Here's my Adam West Batman. I've decided to paint it a bit closer to real colors of the costume and added different details then other builts.... it's not totally finished 'cause I want to redo the big decals on the crate, too much silvering for my taste....

1966 Batman 1/6

See ya....


----------



## daytime dave (Jan 14, 2017)

The face sure looks like Adam West to me. I really like it.


----------



## scooke123 (Apr 11, 2008)

Well done!!


----------



## f1steph (Jan 9, 2003)

Thanks guys....


----------



## JGG1701 (Nov 9, 2004)

Too cool 😎
-Jim G.G.


----------



## Chuck Eds (Jul 20, 2009)

The Bat-Shield is a nice touch!


----------



## Stemplr (Jul 11, 2020)

f1steph said:


> Thanks guys....


Excellent job, i really like the Bat shield and using the crates. I also recently completed this kit as well, wish i would have thought about changing the base.


----------



## StarshipClass (Aug 13, 2003)

>


That's great--much better than the "as is" version, IMHO. Did you make the shield yourself? Great work in any case


----------



## f1steph (Jan 9, 2003)

Thanks guys...

Yes I made the Batshield. The same with the crates (blasa wood), newspapers and comic book. I'm not planning to buit the other '66 figurines (gee I might fall for Batgirl if she really looks like Yvonne Craig) so the base wasn't appropriate for me. The Batshield was a big challenge, painting the yellow and blue lines were not easy. And I wanted Batman to hold the Batshield like a real superhero, not like an idiot as see in the series. The other challenge was to stabilize West's left foot. It's not flat, it's got an angle to it. The kit original base was made to fit the correct angle of the foot. After fitting a piece of wood under his left boot, I was scratching my head to figure out how to hide the empty space under the boot. A friend of my gave me the great idea of using newspapers... and that's what I did..... You guys probably recognize the writting on the crates.... K.G. Bird & Co...... it's Pinguin's Umbrella company.... 

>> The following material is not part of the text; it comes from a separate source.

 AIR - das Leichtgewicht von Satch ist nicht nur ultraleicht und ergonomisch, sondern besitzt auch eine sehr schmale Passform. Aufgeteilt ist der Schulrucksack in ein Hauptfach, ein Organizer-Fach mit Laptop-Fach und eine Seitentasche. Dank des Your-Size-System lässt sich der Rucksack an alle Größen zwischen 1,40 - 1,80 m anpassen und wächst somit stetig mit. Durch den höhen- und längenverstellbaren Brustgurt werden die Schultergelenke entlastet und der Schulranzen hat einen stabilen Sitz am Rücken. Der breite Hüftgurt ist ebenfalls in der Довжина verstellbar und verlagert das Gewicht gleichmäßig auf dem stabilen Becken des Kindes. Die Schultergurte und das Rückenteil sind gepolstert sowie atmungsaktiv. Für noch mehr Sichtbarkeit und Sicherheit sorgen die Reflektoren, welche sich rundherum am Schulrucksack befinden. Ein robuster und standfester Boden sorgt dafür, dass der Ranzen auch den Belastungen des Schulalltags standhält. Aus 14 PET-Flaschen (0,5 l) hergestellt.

Now I'm working on my last Space 1999 Eagle built, in 1/72. It will be my ultimate, full beans Eagle built with a complete lighted and open cockpit, the same with the passenger pod.... Up to now, I really like how MPC made this kit, the quality is very good....


----------



## Owen E Oulton (Jan 6, 2012)

1/6? According to everything I can find on the Web, the Moebius Adam West Batman kit is 1/8.


----------



## f1steph (Jan 9, 2003)

Owen E Oulton said:


> 1/6? According to everything I can find on the Web, the Moebius Adam West Batman kit is 1/8.

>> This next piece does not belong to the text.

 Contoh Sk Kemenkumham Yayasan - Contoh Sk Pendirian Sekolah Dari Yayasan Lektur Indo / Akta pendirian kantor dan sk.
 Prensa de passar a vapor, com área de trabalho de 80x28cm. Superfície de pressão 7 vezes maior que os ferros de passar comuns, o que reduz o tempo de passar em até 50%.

Yep, that was a goofy typo. It's now fixed. Thanks for letting me know. Here's the new link:

1966 Batman 1/8


----------



## Owen E Oulton (Jan 6, 2012)

f1steph said:


> Yep, that was a goofy typo. It's now fixed. Thanks for letting me know. Here's the new link:
> 
> 1966 Batman 1/8


De nada. At any rate, it's a bang-up job. Love the Bat-Shield and the base, complete with comic books, Gotham newspapers and the K.G. Bird labels.
*Batman [slowly]: "Disposing of pre-atomic submarines to persons who don't even leave their full addresses?!" *


----------



## f1steph (Jan 9, 2003)

Thanks . I like to do models that are different than other builts. I rarely built figurines. That was my third one. The last one I've built was back in 2006 (I think), the Ironman from the first movie..... I gave it to one of my nephews for his birthday .


----------